DATA FOR THIS TASK »
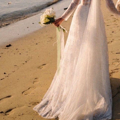 Brudekjole str M – med sort broderi og markant slep
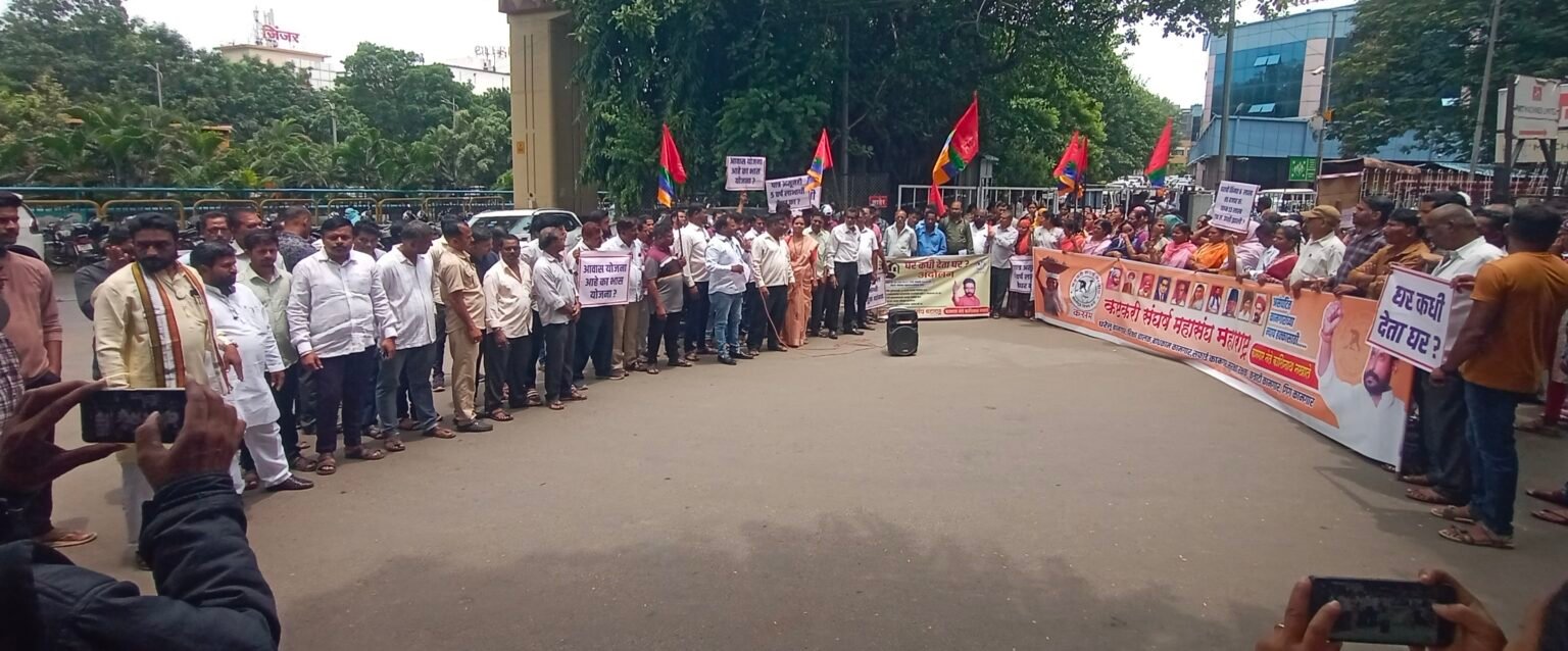 पिंपरी, (महाराष्ट्र ब्रेकिंग न्यूज) – पिंपरी चिंचवड महानगरपालिकेकडून शहरातील आर्थिकदृष्ट्या दुर्बल, गरजू नागरिकांसाठी, कामगारांसाठी १० हजार घरांची निर्मिती करावी, रावेत येथील पात्र लाभार्थी यांना निश्चित किमतीत म्हणजे ६ लाख ९५ हजार रु. किमतीत किवळे गृहप्रकल्पात घरे देण्यात यावीत,लाभार्थ्यांना पंतप्रधान आवास योजनेचे अनुदान देण्यात यावे या मागण्यांसाठी कष्टकरी संघर्ष महासंघ तर्फे कामगार नेते काशिनाथ नखाते यांच्या नेतृत्वात महापालिकेसमोर घरांसाठी आंदोलन करण्यात आले.
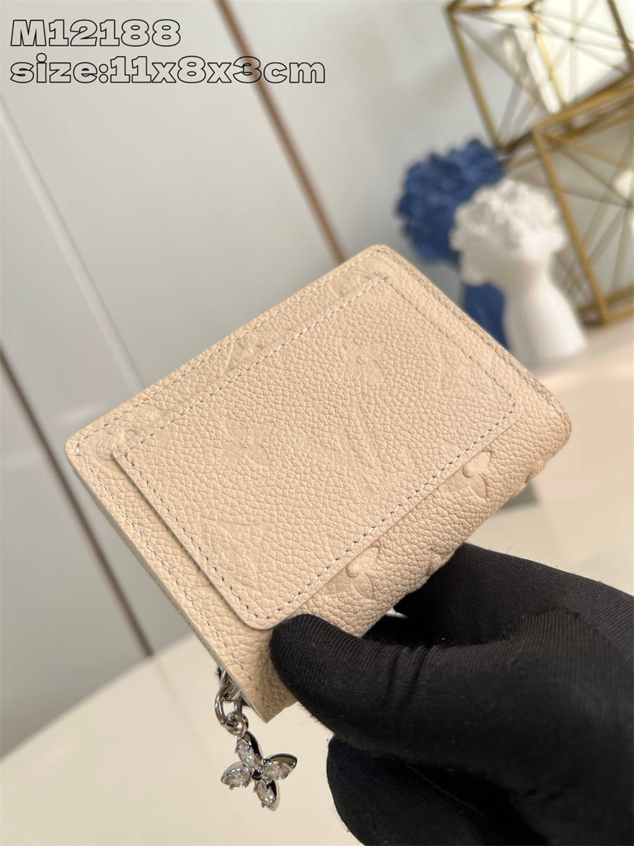 DCK【独家实拍 M12188白 】本款 Cléa 钱夹取材 Monogram Empreinte 软粒面皮革,以双重色调烘托 Monogram 压纹的瞩目气息。玲珑构型内设钞票隔层、拉链零钱袋和卡片夹层。11 x 8.5 x 3.5 厘米(长度 x 高 x 宽)
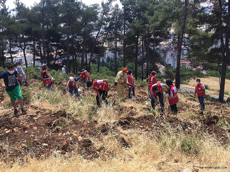 Kahramanmaraş’ta Türk Kızılay ve Aile, Çalışma ve Sosyal Hizmetler İl Müdürlüğünce yapılan proje kapsamında 452 şehidin anısına fidan dikildi.
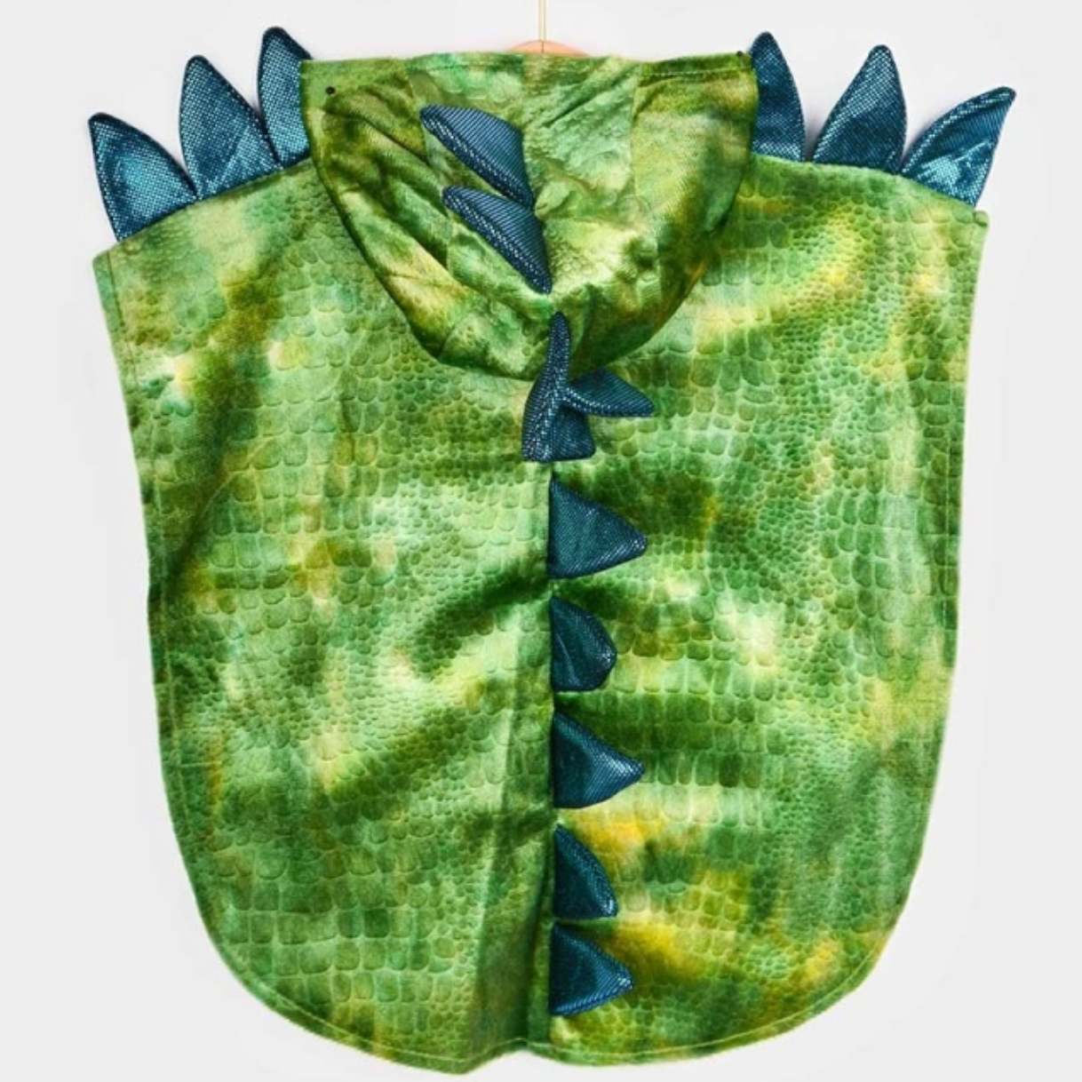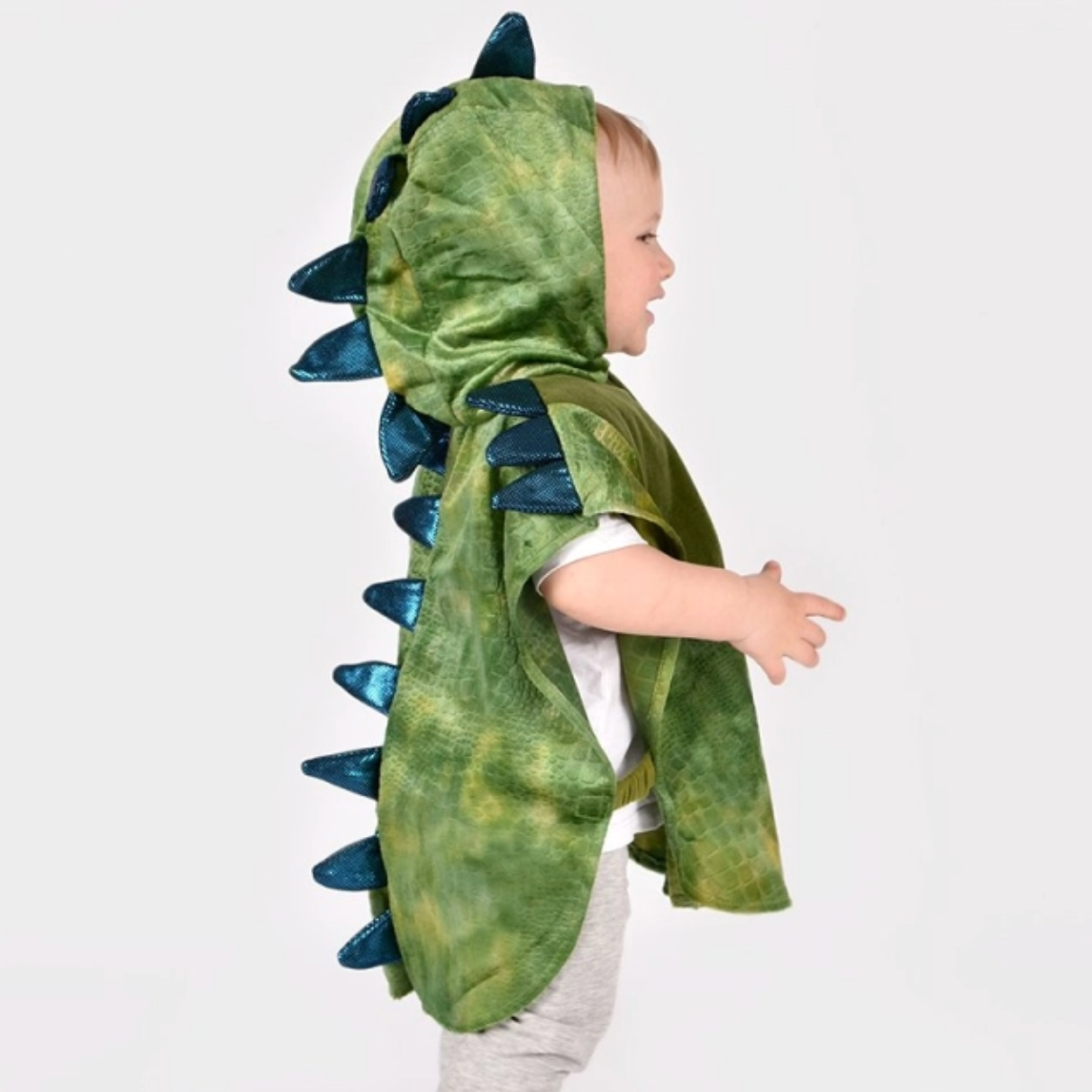 Este disfraz de dinosaurio verde no puede ser más ideal. Se cierra con velcro por la parte delantera, incluye capucha cosida y cuernos acolchados en color azul metalizado en la parte superior de la capucha. Tiene una larga cola con púas acolchadas a juego que llega hasta el suelo. En ambos laterales tiene una banda elástica.

WHAT YOU NEED TO DO » Write out every record above exactly as it stands, but leave out the pictures.

ANSWER BELOW »
 Brudekjole str M – med sort broderi og markant slep
 पिंपरी, (महाराष्ट्र ब्रेकिंग न्यूज) – पिंपरी चिंचवड महानगरपालिकेकडून शहरातील आर्थिकदृष्ट्या दुर्बल, गरजू नागरिकांसाठी, कामगारांसाठी १० हजार घरांची निर्मिती करावी, रावेत येथील पात्र लाभार्थी यांना निश्चित किमतीत म्हणजे ६ लाख ९५ हजार रु. किमतीत किवळे गृहप्रकल्पात घरे देण्यात यावीत,लाभार्थ्यांना पंतप्रधान आवास योजनेचे अनुदान देण्यात यावे या मागण्यांसाठी कष्टकरी संघर्ष महासंघ तर्फे कामगार नेते काशिनाथ नखाते यांच्या नेतृत्वात महापालिकेसमोर घरांसाठी आंदोलन करण्यात आले.
 DCK【独家实拍 M12188白 】本款 Cléa 钱夹取材 Monogram Empreinte 软粒面皮革,以双重色调烘托 Monogram 压纹的瞩目气息。玲珑构型内设钞票隔层、拉链零钱袋和卡片夹层。11 x 8.5 x 3.5 厘米(长度 x 高 x 宽)
 Kahramanmaraş’ta Türk Kızılay ve Aile, Çalışma ve Sosyal Hizmetler İl Müdürlüğünce yapılan proje kapsamında 452 şehidin anısına fidan dikildi.
 Este disfraz de dinosaurio verde no puede ser más ideal. Se cierra con velcro por la parte delantera, incluye capucha cosida y cuernos acolchados en color azul metalizado en la parte superior de la capucha. Tiene una larga cola con púas acolchadas a juego que llega hasta el suelo. En ambos laterales tiene una banda elástica.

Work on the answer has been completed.